## Aim of the exercise
Write out the opening lines of the data word for word, up to and including the line with "1.购买前请您提前规划好行程", and leave every picture and every later line out.

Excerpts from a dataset
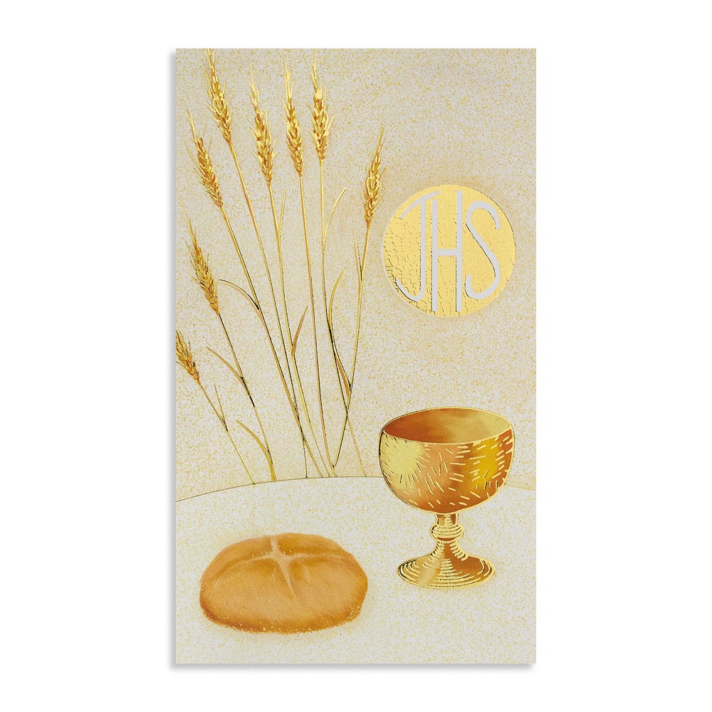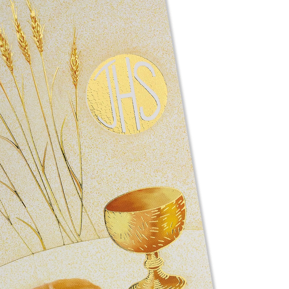 L'immaginetta ritrae i simboli eucaristici del sacramento ed è decorata con dettagli in oro a caldo.
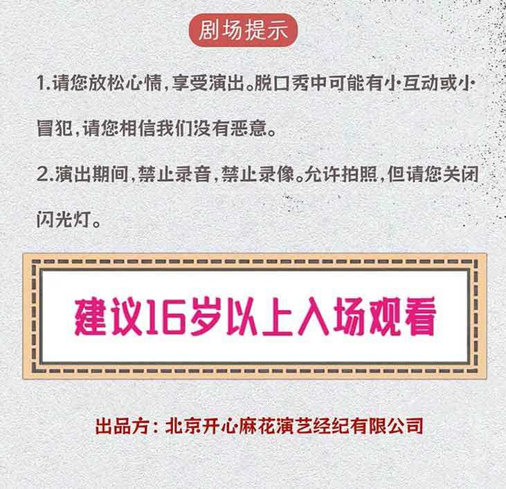 1.购买前请您提前规划好行程,做好相应准备,以免影响您的正常观演,感谢您的理解和配合。
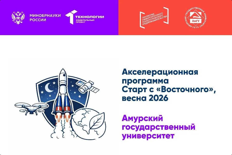 Авторы наиболее перспективных решений получат стажировки или инвестиции. С 4 апреля по 15 июня в Амурском государственном университете пройдет бесплатная акселерационная программа «Старт с «Восточного», весна 2026». Мероприятие организовано в рамках федерального проекта «Технологии» при грантовой поддержке Национальной технологической инициативы (НТИ). Программа ориентирована на студентов, молодых исследователей и всех, кто хочет создать технологический стартап в одной из трех тематических областей: космические технологии и геоинформационные системы; беспилотные авиационные системы (БАС) и интеллектуальные транспортные системы; технологии для экологического мониторинга и климатической адаптации. Присоединиться можно с собственной идеей, без идеи (ее помогут сгенерировать) или в составе существующей команды. Первое событие пройдет 4 апреля в ЦОПП (Амурский государственный университет). Начало - в 10:00. Это масштабная сессия по генерации идей под руководством федерального эксперта Андре
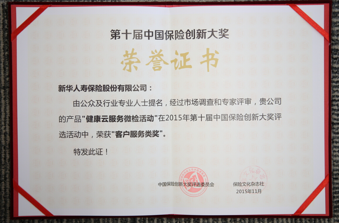 2015中國保險創(chuàng)新大獎--客戶服務類獎
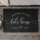 Moderne, chic borstelscript die WELKOM AAN ONZE LAKE HUIS in een trendy typografie gedreven ontwerp leest. Een goed aangepast hok voor je huis, ver van huis. Zowel romantisch als stijlvol, onze zwarte deur heeft een mooie kanoe afbeelding tussen uw locatie en het jaar dat is vastgesteld.
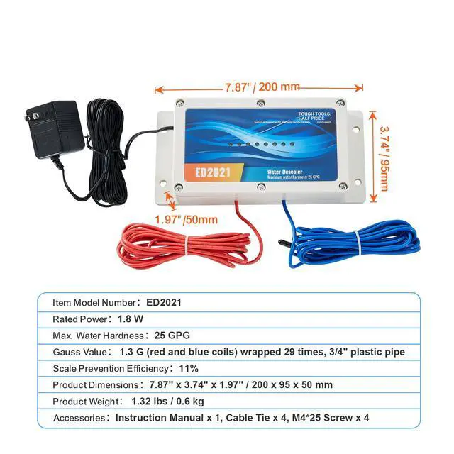 Scale Prevention Efficiency: 11%,Item Model Number: ED2021,Product Weight: 1.32 lbs / 0.6 kg,Max. Water Hardness: 25 GPG,Rated Power: 1.8 W,Gauss Value: 1.3 G (red and blue coils) wrapped 29 times, 3/4" plastic pipe,Product Dimensions: 7.87" x 3.74" x 1.97" / 200 x 95 x 50 mm
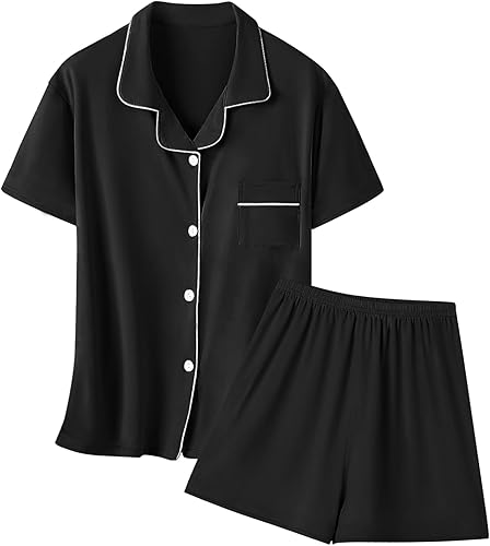 Umeyda Girls Modal Button Down Pajamas Set, 2Pj Nightwear Sleepwear for Teen Kid 2 Pcs Loungewear, Black, 11-12 Years = Tag 160
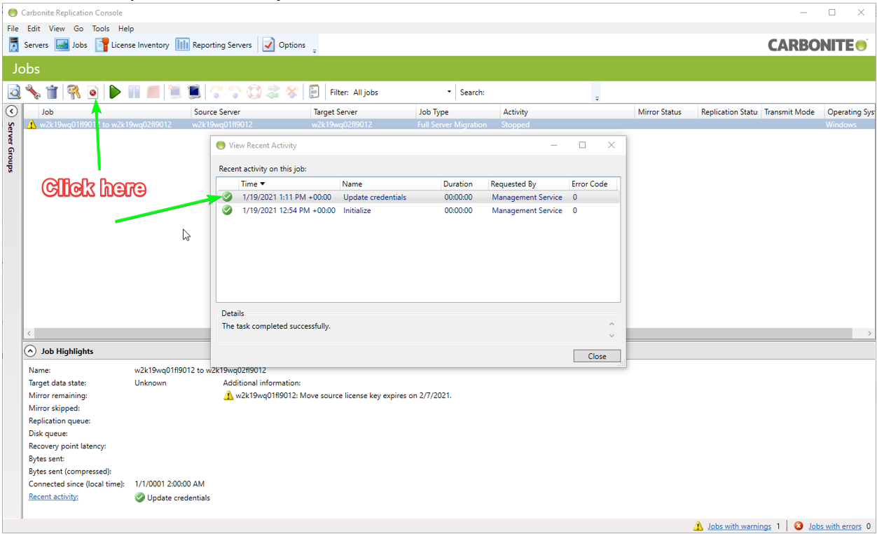 - You can also verify that the credentials update operation has successfully completed by examining the job in the Carbonite Replication console’s Jobs tab and clicking the View Recent Activity button in the job control row.
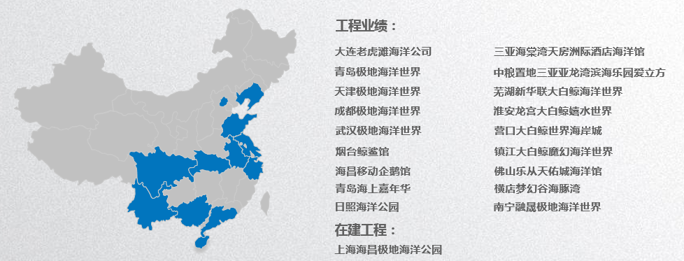 大連凱晨已完成了大連老虎灘極地海洋世界、青島極地海洋世界、青島鯨豚館、成都極地海洋世界、天津極地海洋世界、煙臺鯨鯊館、武漢極地海洋世界等項(xiàng)目維生系統(tǒng)設(shè)計(jì)建造任務(wù)。
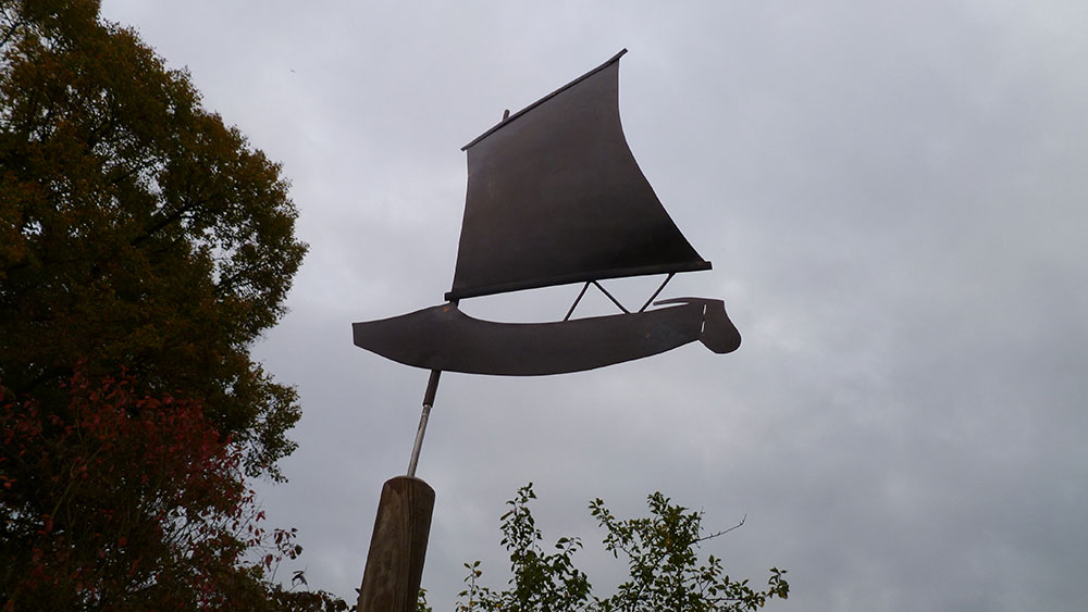 Der bronzene Vogel an der durch einen Windfang geschützten Eingangstür heißt alle Besucher willkommen.

## Task answer
 L'immaginetta ritrae i simboli eucaristici del sacramento ed è decorata con dettagli in oro a caldo.
 1.购买前请您提前规划好行程,做好相应准备,以免影响您的正常观演,感谢您的理解和配合。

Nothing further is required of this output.